**Exercise prompt:** Images within the entries are to be omitted; the remainder must be reproduced exactly.

**Given records:**
┌──

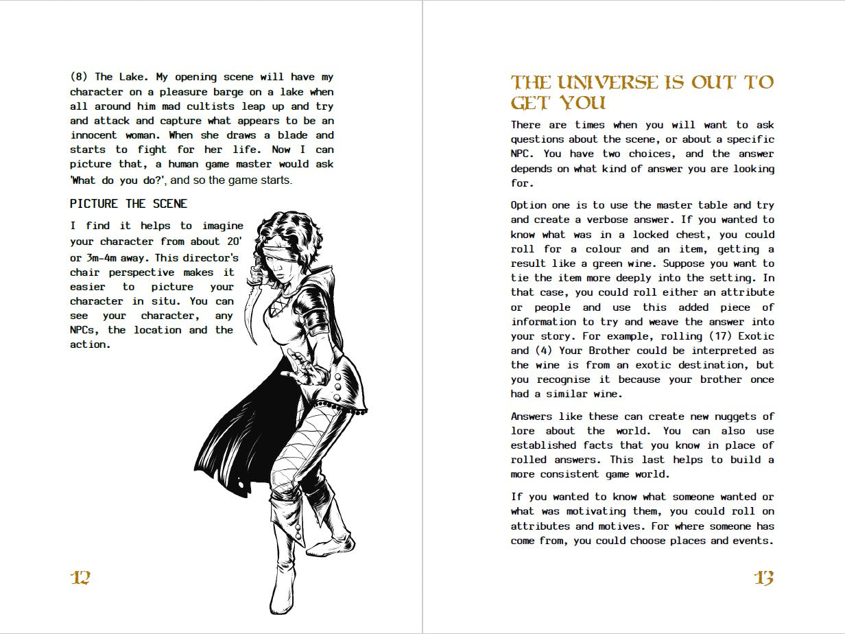 There are three key tools in this solo supplement. The Master Table is a d20 table of different themed aspects, people, places, items, events and so on. You pick the aspects that relate to your situation and then mix and match the elements you rolled to answer questions and flesh out ideas. The yes-no oracle is a d20, roll high for yes, low for no, but takes the characters Luck attribute into consideration. The effect is that at the start of adventures, this start of in a kind of 'easy mode' but things ramp up to become quite challenging. The third feature is the adventure design chapter and using instant random encounter tables. Short, simple d6 tables, but each one customised to exactly where you are and what you are doing.
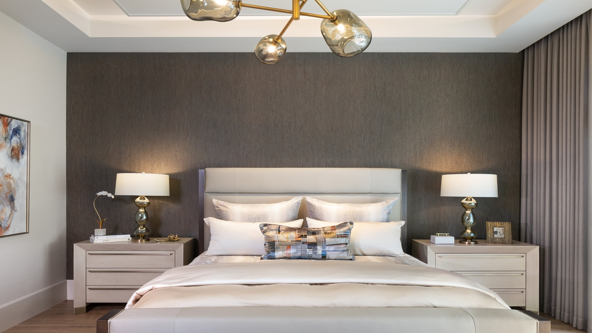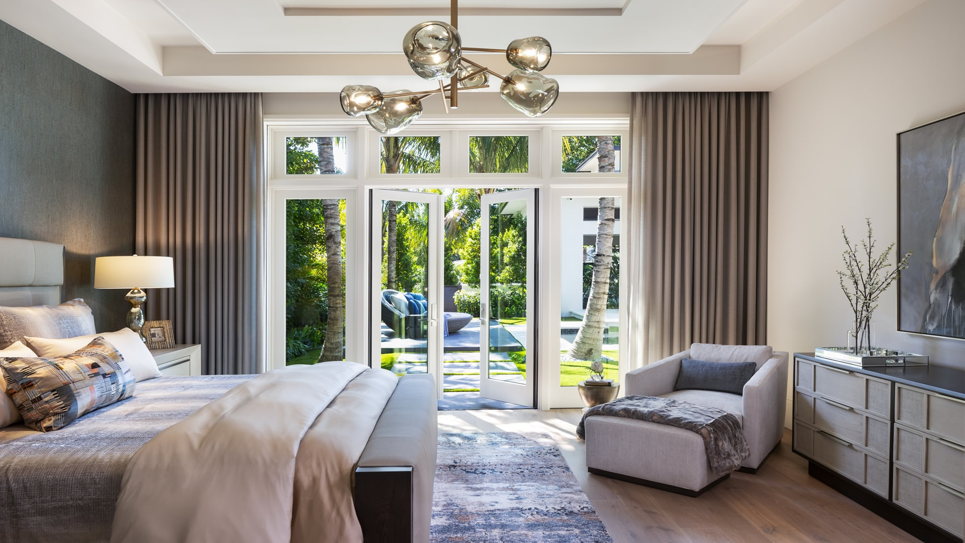 European white oak flooring, textural charcoal wallcovering, rich cashmere and silk evoke luxurious calm in the bedroom, where French doors, transoms and sidelights welcome natural sunlight while leading to a sunbed by the pool. A multi-stepped dropped ceiling provides a canvas for a contemporary lighting fixture; motorized blackout shades and draperies elevate serenity and relaxation.
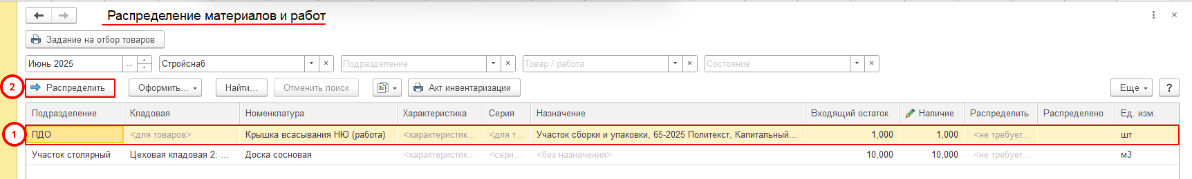 Документ расположен в разделе «Производство» - «Внутрицеховой учет» - «Распределение материалов и работ».
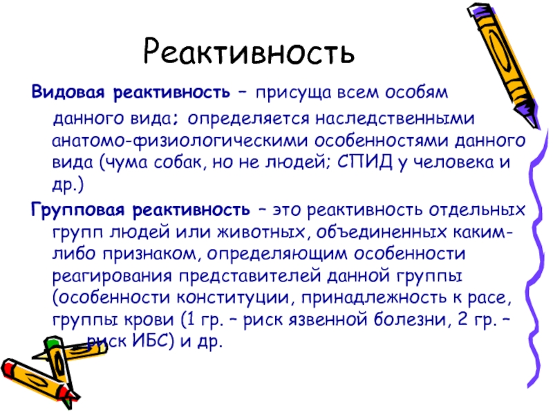 Групповая реактивность – это реактивность отдельных групп людей или животных, объединенных каким-либо признаком, определяющим особенности реагирования представителей данной группы (особенности конституции, принадлежность к расе, группы крови (1 гр. – риск язвенной болезни, 2 гр. – риск ИБС) и др.
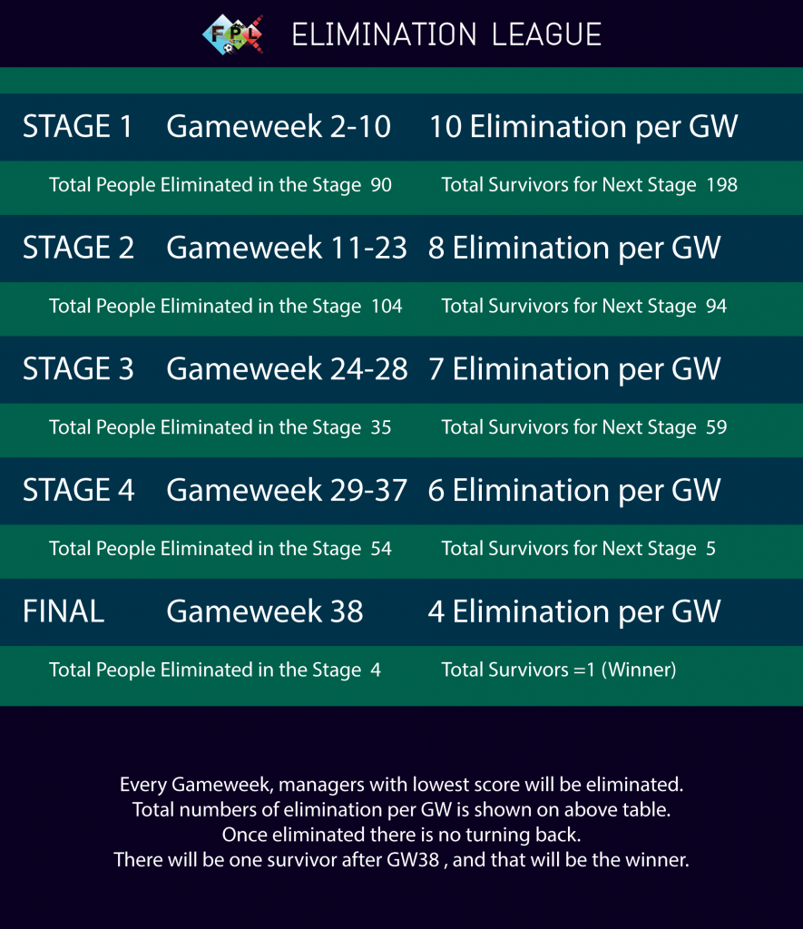 Every Gameweek, manager with lowest gameweek score will be eliminated. Survive until the last to be the winner.
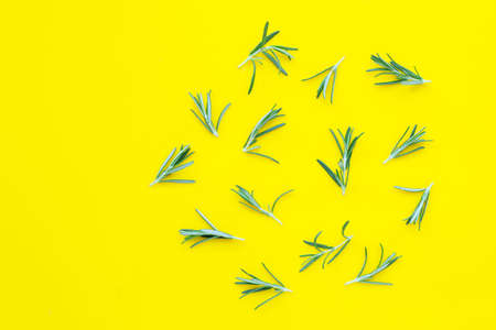 Rosemary on yellow background. Top view with copy space
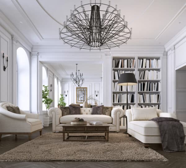 Luxury classic interior of living room and dining room with white furniture and metal chandeliers.

└──

**Written solution:**
 There are three key tools in this solo supplement. The Master Table is a d20 table of different themed aspects, people, places, items, events and so on. You pick the aspects that relate to your situation and then mix and match the elements you rolled to answer questions and flesh out ideas. The yes-no oracle is a d20, roll high for yes, low for no, but takes the characters Luck attribute into consideration. The effect is that at the start of adventures, this start of in a kind of 'easy mode' but things ramp up to become quite challenging. The third feature is the adventure design chapter and using instant random encounter tables. Short, simple d6 tables, but each one customised to exactly where you are and what you are doing.
 European white oak flooring, textural charcoal wallcovering, rich cashmere and silk evoke luxurious calm in the bedroom, where French doors, transoms and sidelights welcome natural sunlight while leading to a sunbed by the pool. A multi-stepped dropped ceiling provides a canvas for a contemporary lighting fixture; motorized blackout shades and draperies elevate serenity and relaxation.
 Документ расположен в разделе «Производство» - «Внутрицеховой учет» - «Распределение материалов и работ».
 Групповая реактивность – это реактивность отдельных групп людей или животных, объединенных каким-либо признаком, определяющим особенности реагирования представителей данной группы (особенности конституции, принадлежность к расе, группы крови (1 гр. – риск язвенной болезни, 2 гр. – риск ИБС) и др.
 Every Gameweek, manager with lowest gameweek score will be eliminated. Survive until the last to be the winner.
 Rosemary on yellow background. Top view with copy space
 Luxury classic interior of living room and dining room with white furniture and metal chandeliers.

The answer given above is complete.